3. Newly-started servers (`l4d2ctl start <name>` or web UI start) are enable-based from the first invocation.
If something goes wrong — e.g., the helper rejects a previously-valid invocation or the poller floods the journal — the helper script + `service_control.py` change can be reverted independently of the poller, and vice versa.
## Open questions
None blocking. v2 candidates:
- Auto-restart on `desired_state=running && actual_state=stopped` (separate UX decision).
- Per-server poll intervals or backoff for repeatedly-failing servers.
- A "drift" badge in the UI when `actual_state_updated_at` is older than 2× the poll interval (proxy for "the poller isn't running" or "the host is unreachable").
## References
- systemd.unit(5) — `WantedBy=`, `Install` section semantics.

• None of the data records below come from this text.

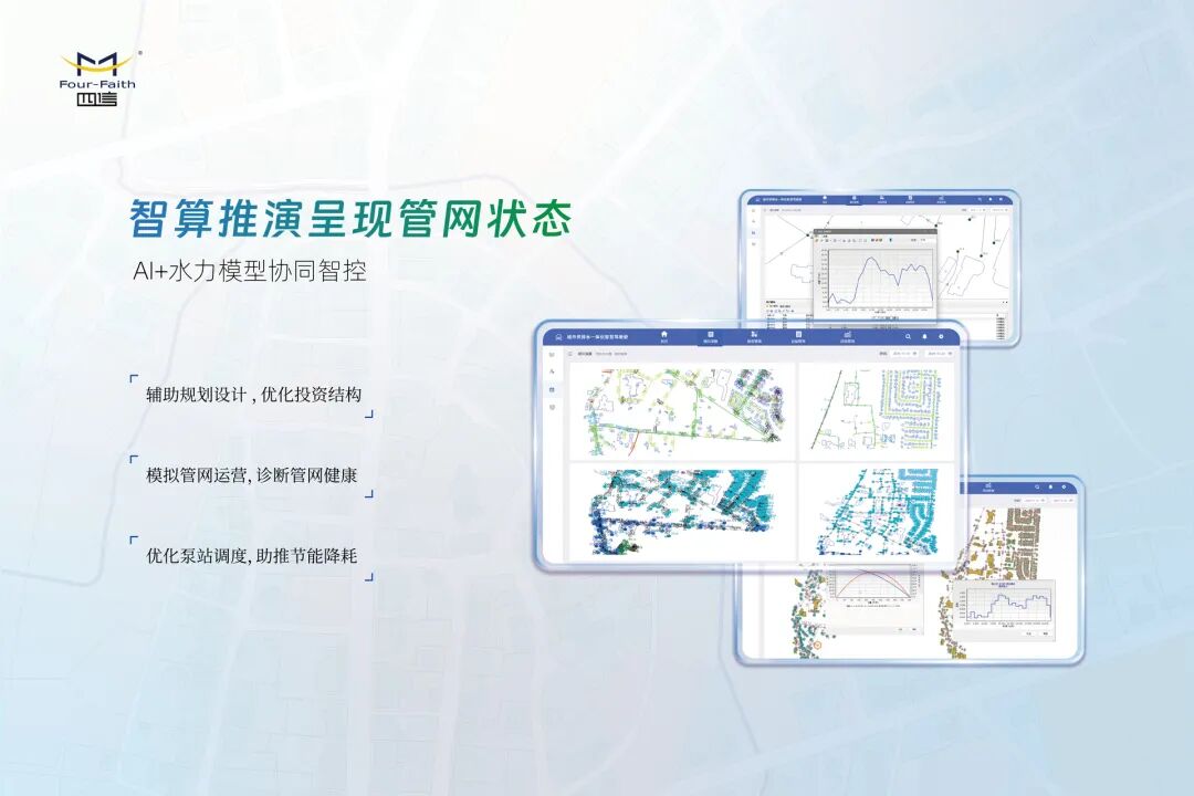 结合水力模型、统计模型、AI技术进行数据分析和仿真,为城市管网智慧运营可持续发展提供坚实支持,辅助管理者科学决策。
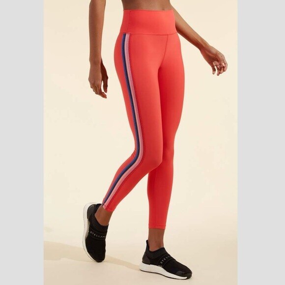 This is a great pair of Spiritual Gangster yoga/workout leggings. The Rainbow legging in Red (this is what the tag says but it's more like an orangey red/coral) with rainbow ribbon panel down the sides in metallic sparkly fabric. Size S
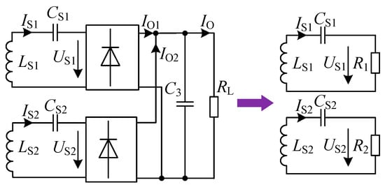In order to simplify the circuit structure, the load resistor RL is equivalent to the equivalent resistors R1 and R2 in the two receiving circuits before rectification, as shown in Figure 4, where IS1 and IS2 are the RMS values of current in the two receiving coils, US1 and US2 are the RMS values of induced voltage in the two receiving coils, IO1 and IO2 are the currents in the two receiving channels after rectification, and IO is the load current. The two receiving channels of the proposed system are connected in parallel to supply power to the load. Assuming that the output power of the two channels is P1 and P2, respectively, their expressions can be derived from Figure 4 as
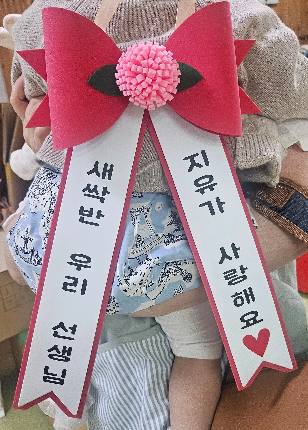 지유는 꽃이 되어 리본을 목에 걸고 왔다.
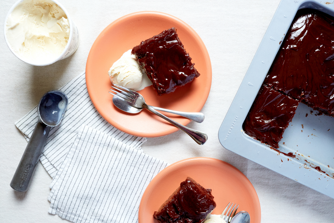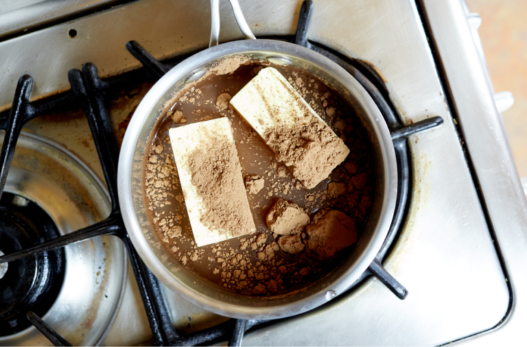 The frosting is a mystery. While you can find lots of recipes for Richmond frosting, none offer any explanation for the name. I’ve seen it in Amish cookbooks and some speculate that it may be a relic from wartime when sugar, especially the powdered sugar typically used for cake frosting, was in short supply. Maybe a cook in Virginia popularized the shiny dark frosting that also uses a boiling water technique. It doesn’t really matter; what does is that it’s delicious and, since it’s pourable while warm, the frosting self-levels after it’s scraped out of the saucepan onto the sheet cake.
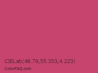 CIELab 48.79,55.353,4.223 Color is a normal rose color and the nearest color is Fuchsia Rose #c74375. Hex code #c7446f and RGB value is rgb(199,68,111). In RGB color space, this color is composed of 78% red, 27% green, 44% blue, In CMYK color space, this color is composed of 0% cyan, 66% magenta, 44% yellow , 22% black , In HSL color space, this color has a hue angle of 340° , 54% saturation and 52% lightness.
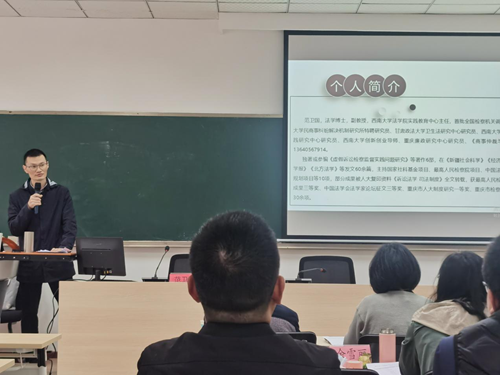 本次培训的开班仪式,于3月31日在西南大学法学院成功举行。Beat365官方网站政治与法律学院副院长郑科红、西南大学法学院副院长房香荣出席开班仪式并做讲话。
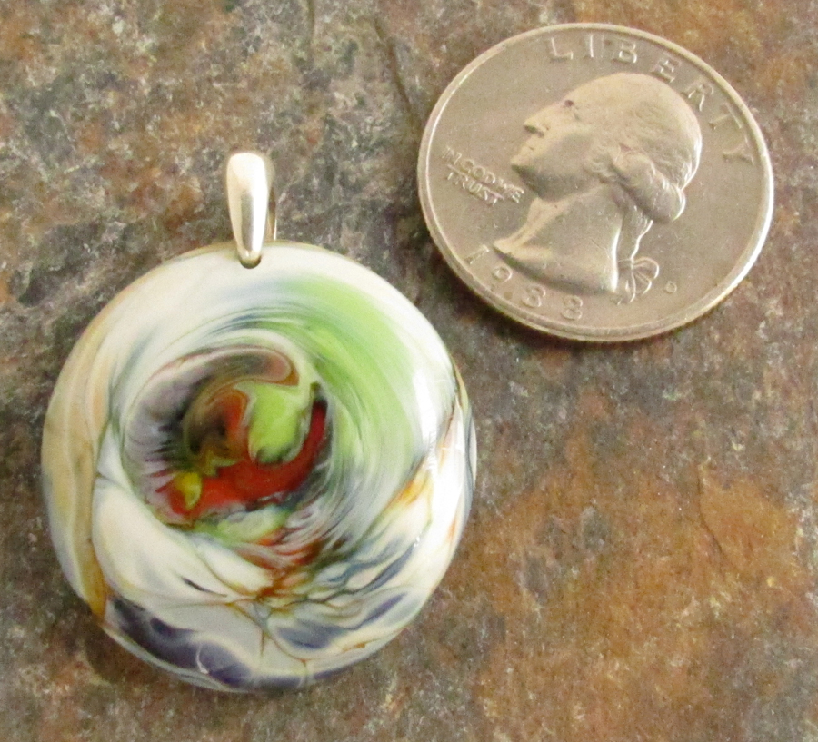 Red, Orange, Yellow, Green and Blue glass swirl through clouds of ivory. Reminiscent of impressionistic landscapes and satellite photos. All pendants come with a black waxed cotton cord, but check out the silk ribbons for another fun way to wear it. Bail is sterling silver.

- systemctl(1) — `enable --now` / `disable --now` flags.
- Existing perf-baseline spec: `docs/superpowers/specs/2026-05-09-l4d2-server-host-perf-baseline-design.md`.
- Existing CPU-isolation spec: `docs/superpowers/specs/2026-05-09-l4d2-cpu-isolation-design.md`.
- `AGENTS.md` — Host CLI write-command set is fixed; this spec preserves that contract.